GOAL OF THE EXERCISE
Transcribe exactly the lines from the top of the records below through the line that holds "崔建亮对潍坊市经济社会发展情", both included, with no pictures.

RECORD EXCERPTS
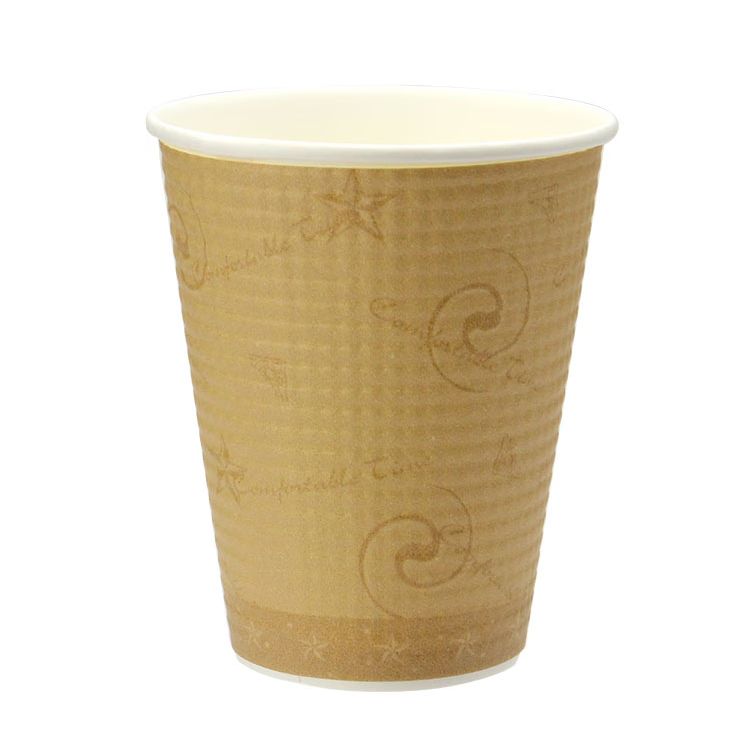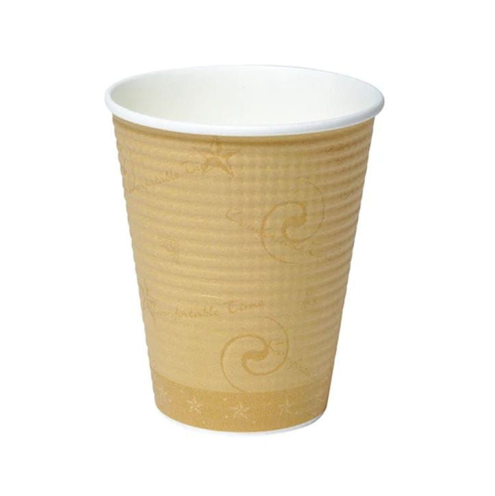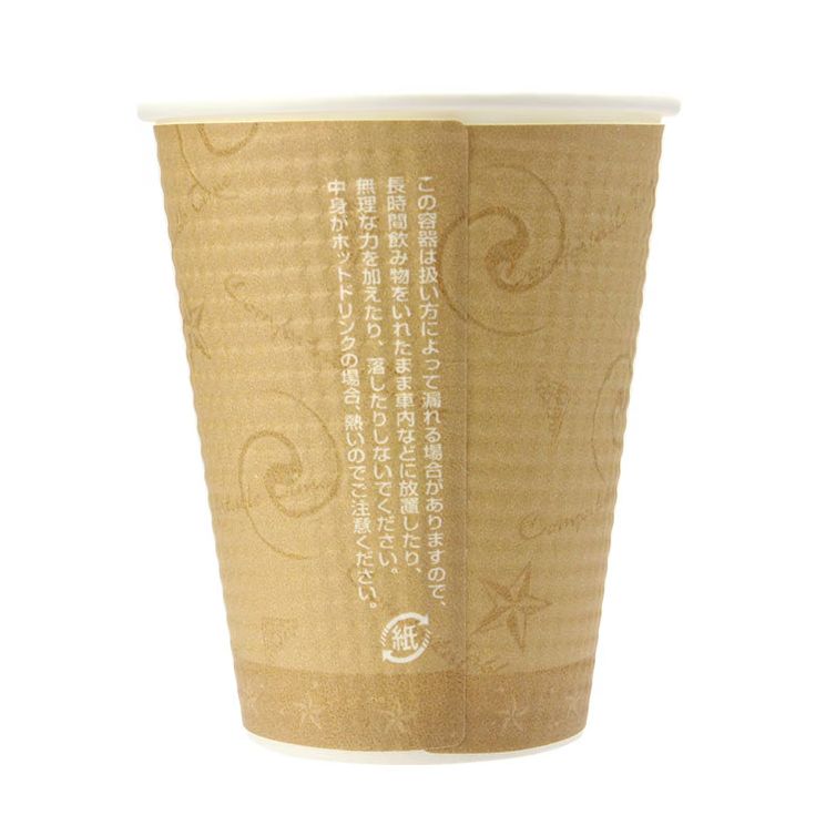 断熱性エンボス紙コップです。エンボス加工した紙製スリープを装着し、エアー層を形成。すべりにくく断熱性に優れた新感覚の紙コップです。蓋は別売りです。●容量:260ml
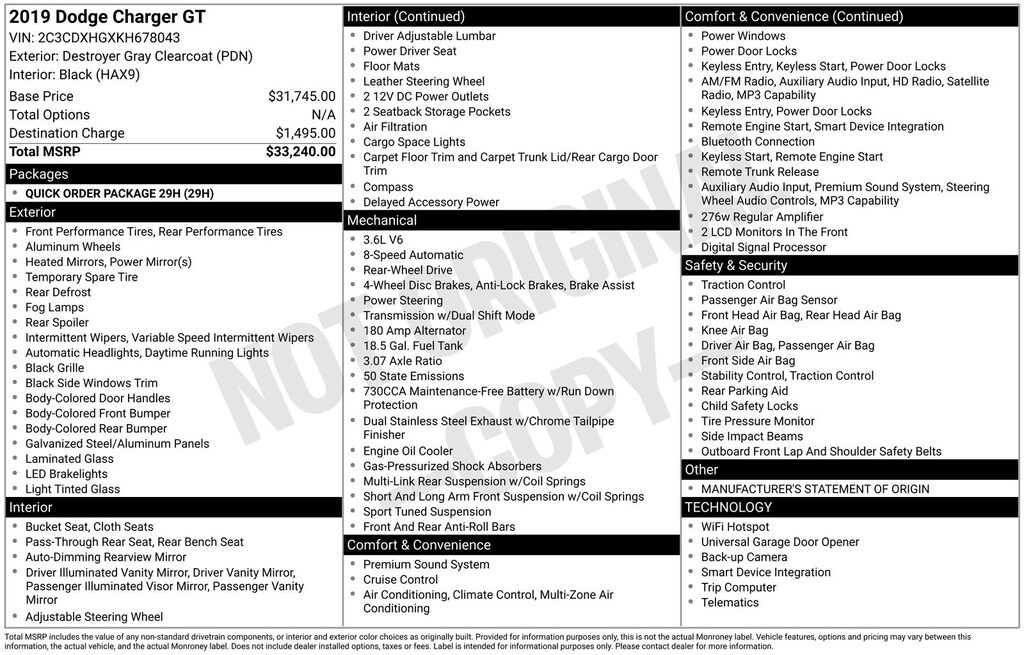 Destroyer Gray Clearcoat 2019 Dodge Charger GT RWD 8-Speed Automatic 3.6L 6-Cylinder SMPI DOHC Black Cloth.
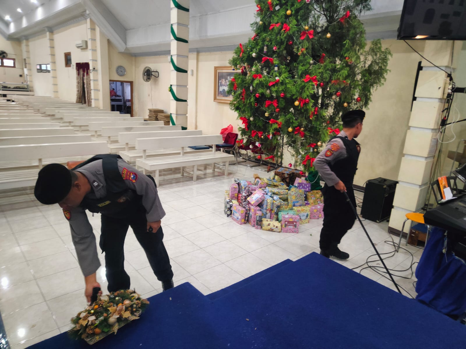 Satuan Samapta polres menyisir seluruh area gereja, meliputi ruang utama gereja, halaman, tempat parkir, hingga jalur keluar masuk jemaat. Langkah ini dilakukan untuk memastikan tidak adanya benda mencurigakan serta meminimalisir potensi gangguan keamanan selama perayaan Natal berlangsung.
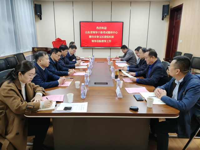 崔建亮对潍坊市经济社会发展情况作了简要介绍,重点介绍了山东省领导干部考试题库中心在人事考试、人才测评及胜任力模型开发等方面取得的优异成绩和特色优势,希望双方加强相关领域的合作,解决短板问题,助力推动校地合作扎深根、结硕果。
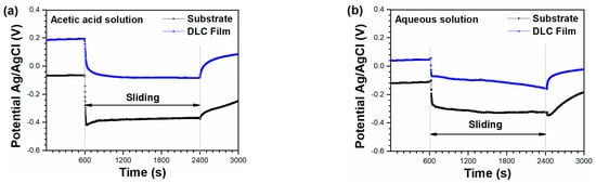 The open circuit potential tested in a tribocorrosion test is a mixed potential that represents the combined state of worn and unworn material in the wear trajectory. Therefore, it is commonly used to assess the corrosion resistance and stability of the sample []. Figure 8a,b show the continuous variation in the open-circuit potential before, during, and after friction for the coated samples and substrates in acetic acid solution (pH = 3) and aqueous solution. The open circuit potential remains stable before the start of friction, which is due to the oxide film generated on the sample surface in the solution, which inhibits the corrosion of the sample by the solution [,]. In the initial stage of the friction corrosion test, a sharp decrease in the open circuit potential curve with time was observed due to the change in the contact surface state caused by the sliding of the mating pair on the sample surface. The open-circuit potential stabilized for some time afterwards, which can be explained by the removal and generation of the passivation film reaching a dynamic equilibrium [,]. Additionally, the open circuit potential in acidic solution is overall lower than that in aqueous solution, indicating that the film is more prone to corrosion with the substrate in strongly corrosive media. A significant positive shift in the open circuit potential of the film can be seen in the figure, both in the acetic acid solution and in the aqueous solution, indicating that the film has better corrosion resistance than the substrate.
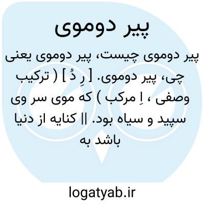 پیر دوموی. [ رِ دُ ] ( ترکیب وصفی، اِ مرکب ) که موی سر وی سپید و سیاه بود. || کنایه از دنیا باشد به اعتبار شب و روز. ( برهان ). استعاره است برای دنیا که به اعتبار شب و روز تشبیه به پیری شده است که موهای سفید وسیاه دارد. ( فرهنگ نظام ). زمانه که ابلق نیز گویند بواسطه روز و شب:
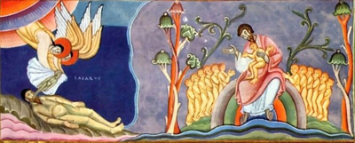 Jednoho dne ten žebrák zemřel a andělé ho odnesli do Abrahamova náručí. Zemřel i onen boháč a byl pohřben. Když v pekle pozvedl v mukách oči, spatřil v dálce Abrahama a Lazara v jeho náručí. ‚Otče Abrahame‘, zvolal boháč, ‚smiluj se nade mnou! Pošli Lazara, ať smočí koneček prstu ve vodě a svlaží mi jazyk, vždyť tu v tom plameni hrozně trpím.‘
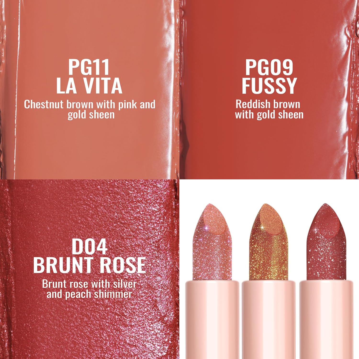 Oulac Moisture Shine Lipstick Set 3PCS - Infinity High Shine Finish, Hydrating Vegan Lipstick Infused with Damask Rose Oil for All-Day Comfort, Gluten-Free, PG11+PG09+D04

ANSWER FOR THE TASK
 断熱性エンボス紙コップです。エンボス加工した紙製スリープを装着し、エアー層を形成。すべりにくく断熱性に優れた新感覚の紙コップです。蓋は別売りです。●容量:260ml
 Destroyer Gray Clearcoat 2019 Dodge Charger GT RWD 8-Speed Automatic 3.6L 6-Cylinder SMPI DOHC Black Cloth.
 Satuan Samapta polres menyisir seluruh area gereja, meliputi ruang utama gereja, halaman, tempat parkir, hingga jalur keluar masuk jemaat. Langkah ini dilakukan untuk memastikan tidak adanya benda mencurigakan serta meminimalisir potensi gangguan keamanan selama perayaan Natal berlangsung.
 崔建亮对潍坊市经济社会发展情况作了简要介绍,重点介绍了山东省领导干部考试题库中心在人事考试、人才测评及胜任力模型开发等方面取得的优异成绩和特色优势,希望双方加强相关领域的合作,解决短板问题,助力推动校地合作扎深根、结硕果。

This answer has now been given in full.